Wang Yamin, Lam James, Lin Hong
IEEE Trans Cybern. 2022 Dec;52(12):13915-13926. doi: 10.1109/TCYB.2021.3135933. Epub 2022 Nov 18.
Differential privacy, which has been widely applied in industries, is a privacy mechanism effective in preventing malicious entities from breaching the privacy of an individual participant. It is usually achieved by adding random variables in the data.
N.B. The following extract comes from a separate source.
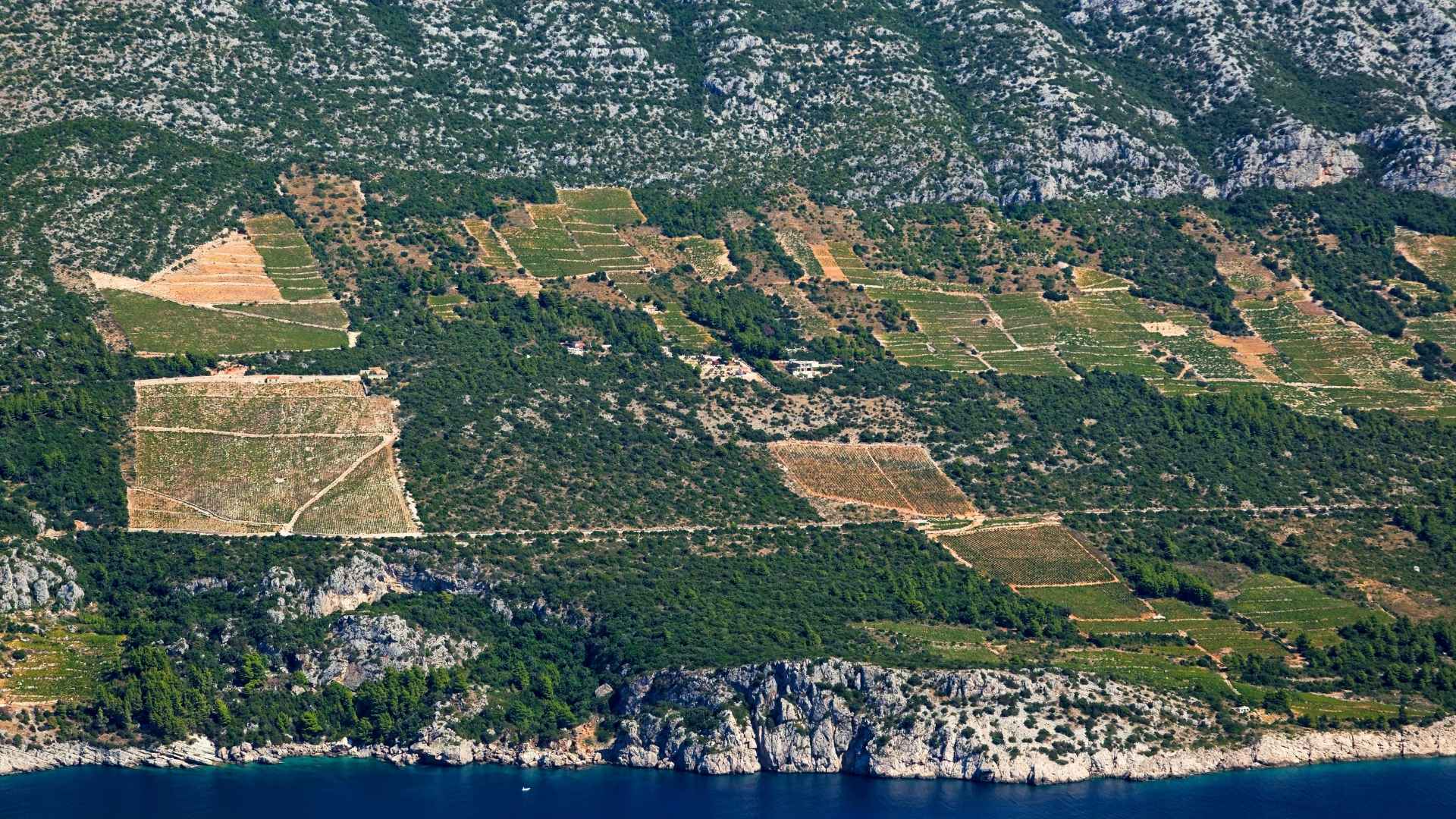 Pelješac has nearly ideal natural conditions for growing grapes. The vineyards are planted on steep, rocky slopes that face directly south, soaking up sunlight from morning until evening. The sea reflects additional light onto the vines, while limestone-rich soil forces roots to dig deep for nutrients.

This article investigates a class of multivariable discrete-time multiagent systems with ϵ -differential privacy preserved. A novel information-masking mechanism is proposed, in which the information of each state transmitted to different neighbors is obscured by adding independent random noises. Then, the mean-square consensus conditions, and the upper bound and lower bound of the convergence rate are obtained. Moreover, the conditions for the convergence rate reaching its upper bound are established. The results can be applied to the average mean-square consensus. In addition, a necessary and sufficient condition is presented under which agents can preserve the dynamics of agents ϵ -differentially private at any time instant.
差分隐私已在诸多行业中广泛应用,它是一种能有效防止恶意实体侵犯个体参与者隐私的隐私机制。通常通过在数据中添加随机变量来实现。本文研究了一类保持(\epsilon)-差分隐私的多变量离散时间多智能体系统。提出了一种新颖的信息掩码机制,其中通过添加独立随机噪声来掩盖传输给不同邻居的每个状态的信息。然后,得到了均方一致性条件以及收敛速率的上界和下界。此外,还建立了收敛速率达到其上界的条件。这些结果可应用于平均均方一致性。另外,给出了一个充要条件,在该条件下智能体在任何时刻都能保持(\epsilon)-差分隐私的智能体动态特性。